__TASK DESCRIPTION__
Retype only the lines running from the beginning of the entries below to the line with "The image on", both included. Do not include pictures.

__SOURCE DATA__
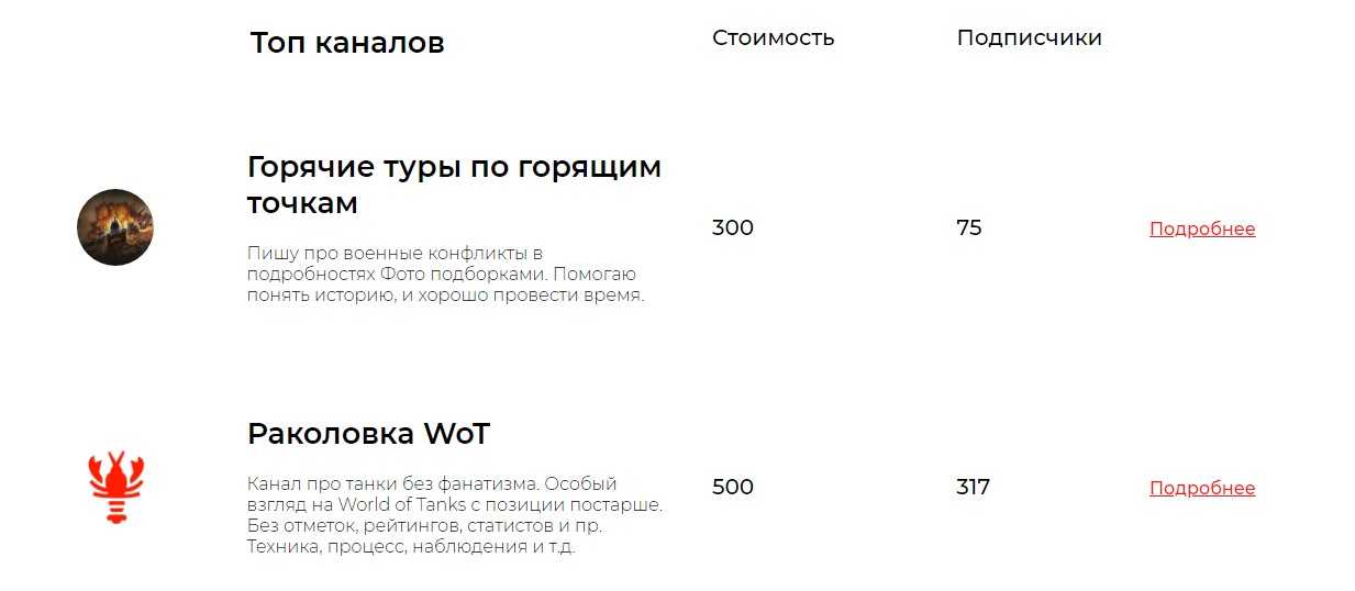 - Рекламодатели сразу видят много каналов, число подписчиков, стоимость и контакты.
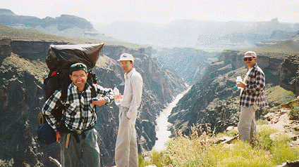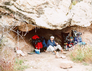 April 19-23, 1995. Spent the night on the rim and as usual got a late start, not getting to the trailhead until noon. It was unseasonably cold, with a blanket of snow covering the rim and a ligth snow falling as we headed down the Bright Angel. The snow turned heavy when we reached the Coconino sandstone and it was utterly beautiful. We arrived at Indian Gardens at 3pm, filled our water bottles, ate a good meal and headed east on the Tonto. We ran into 2 hikers coming from the opposite direction and they told us that there was water in every canyon along the way, greatly simplifying our planning as far as water goes. We spent the night at Pipe Springs, in an overhang on the east side of the creek just after the trail crossing.
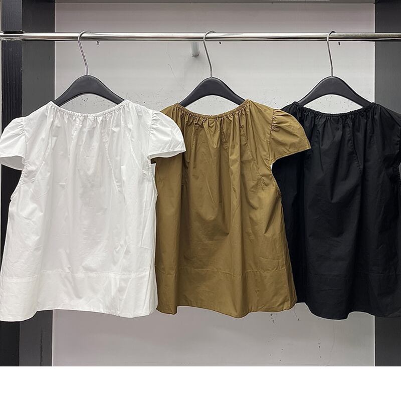 Komiyama スプライス 3D フラワー ルーズ O ネック シャツ ブラウス シャツ トップス ソリッド 半袖 ショート ハーフスリーブ Oネック ソリッドカラー フラワーデザイン | eight
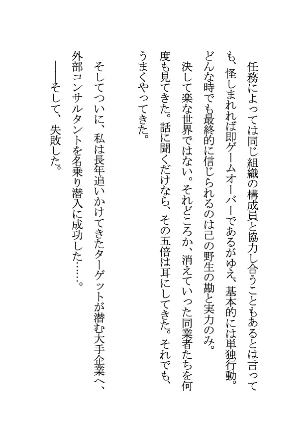 正義感が強く、単独任務にも臆しない優秀なスパイ・霧谷怜里(きりたに れいり)。彼女はついに、長年追いかけてきたターゲットである武器商人・真木誠司(まき せいじ)との接触に成功する。外見だけは爽やかな好青年だが、後ろ暗い世界を渡り歩いてきた男だ、油断はできない。
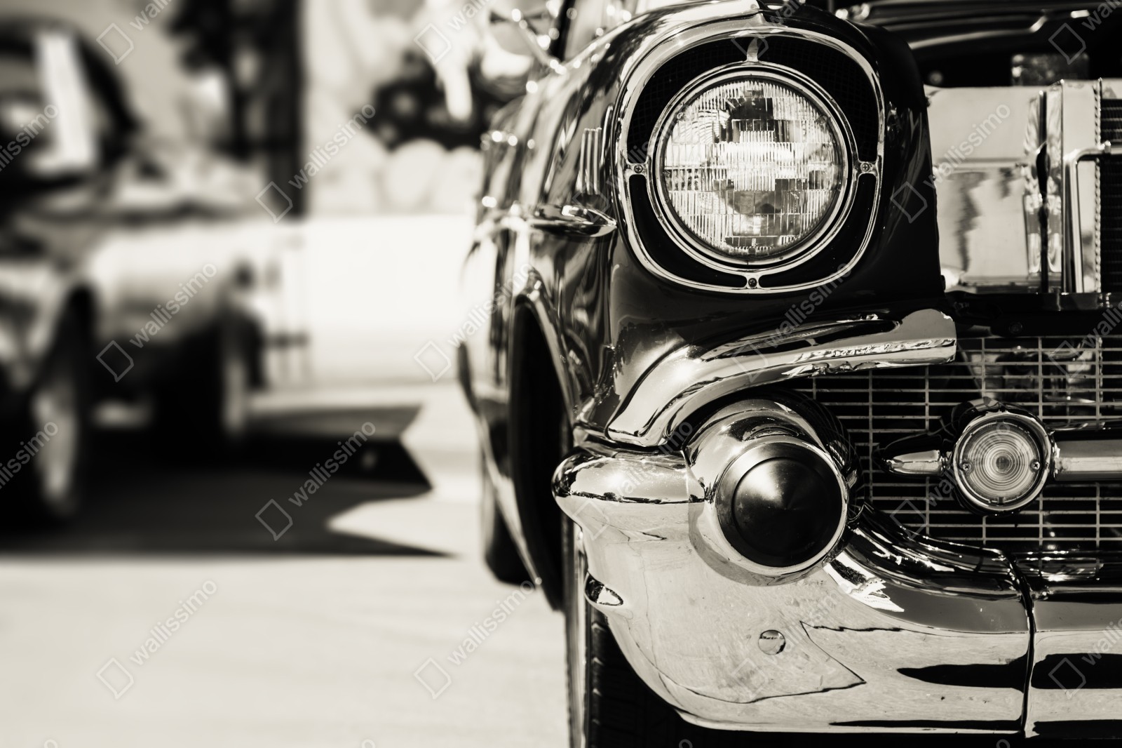Naklejka repozycjonowalna Zabytkowy chromowany samochód zbliżenie
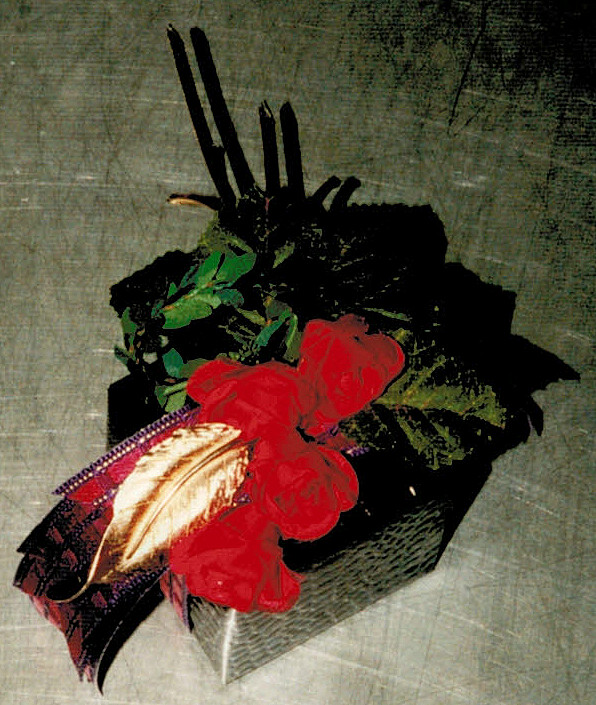 red & violet ribbon, artif.roses & leaves, centerpiece a former gold.earring Publiziert 26. Januar 2014 | Von Sabine Kurtz Die gesamte Größe beträgt 596 × 705 Pixel « black box, silk poppies under burlap ribbon & rhinestone
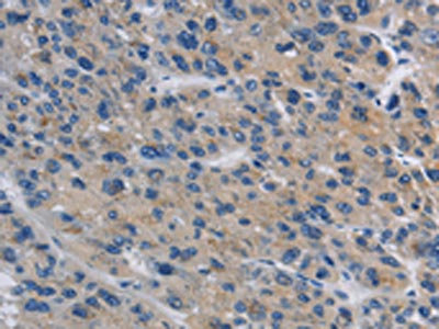 The image on the left is immunohistochemistry of paraffin-embedded Human liver cancer tissue using CSB-PA108283(ITGA11 Antibody) at dilution 1/20, on the right is treated with synthetic peptide. (Original magnification: ×200)
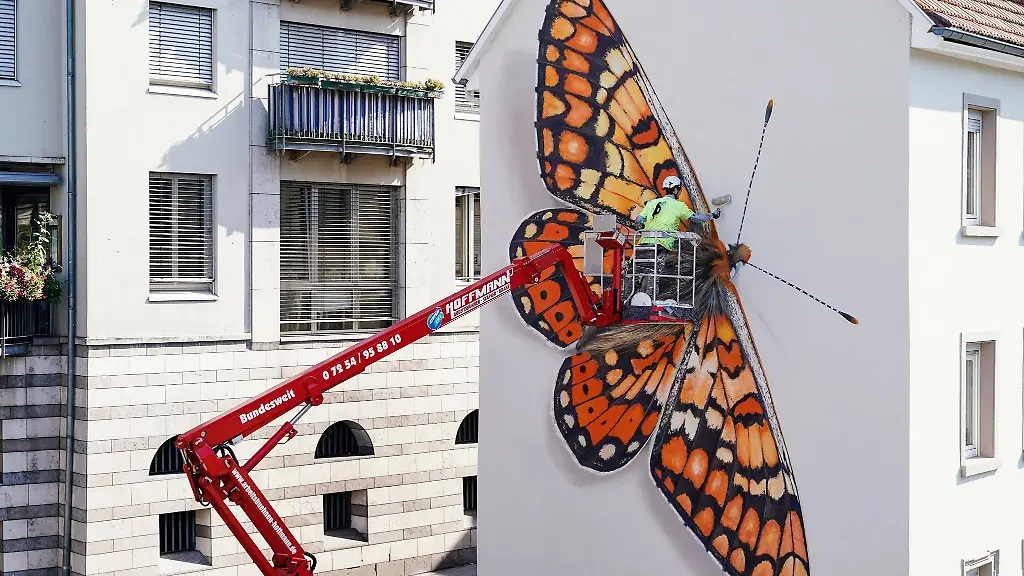 Heidelberg (dpa/lsw) - Mit einem überdimensionalen Bild eines vom Aussterben bedrohten Schmetterlings wollen Forschende der Universität Heidelberg auf den Verlust der Artenvielfalt aufmerksam machen. Über mehrere Tage hat der französische Streetart-Künstler Mantra das Bild eines Skabiosen-Scheckenfalters auf eine Hauswand in Heidelberg gemalt. Am Wochenende stellte er die Arbeit fertig. Der Schmetterling steht nach Angaben der Universität dabei beispielhaft für eine Vielzahl von Arten, die vom Aussterben bedroht sind.

__COMPLETED TASK__
 - Рекламодатели сразу видят много каналов, число подписчиков, стоимость и контакты.
 April 19-23, 1995. Spent the night on the rim and as usual got a late start, not getting to the trailhead until noon. It was unseasonably cold, with a blanket of snow covering the rim and a ligth snow falling as we headed down the Bright Angel. The snow turned heavy when we reached the Coconino sandstone and it was utterly beautiful. We arrived at Indian Gardens at 3pm, filled our water bottles, ate a good meal and headed east on the Tonto. We ran into 2 hikers coming from the opposite direction and they told us that there was water in every canyon along the way, greatly simplifying our planning as far as water goes. We spent the night at Pipe Springs, in an overhang on the east side of the creek just after the trail crossing.
 Komiyama スプライス 3D フラワー ルーズ O ネック シャツ ブラウス シャツ トップス ソリッド 半袖 ショート ハーフスリーブ Oネック ソリッドカラー フラワーデザイン | eight
 正義感が強く、単独任務にも臆しない優秀なスパイ・霧谷怜里(きりたに れいり)。彼女はついに、長年追いかけてきたターゲットである武器商人・真木誠司(まき せいじ)との接触に成功する。外見だけは爽やかな好青年だが、後ろ暗い世界を渡り歩いてきた男だ、油断はできない。
Naklejka repozycjonowalna Zabytkowy chromowany samochód zbliżenie
 red & violet ribbon, artif.roses & leaves, centerpiece a former gold.earring Publiziert 26. Januar 2014 | Von Sabine Kurtz Die gesamte Größe beträgt 596 × 705 Pixel « black box, silk poppies under burlap ribbon & rhinestone
 The image on the left is immunohistochemistry of paraffin-embedded Human liver cancer tissue using CSB-PA108283(ITGA11 Antibody) at dilution 1/20, on the right is treated with synthetic peptide. (Original magnification: ×200)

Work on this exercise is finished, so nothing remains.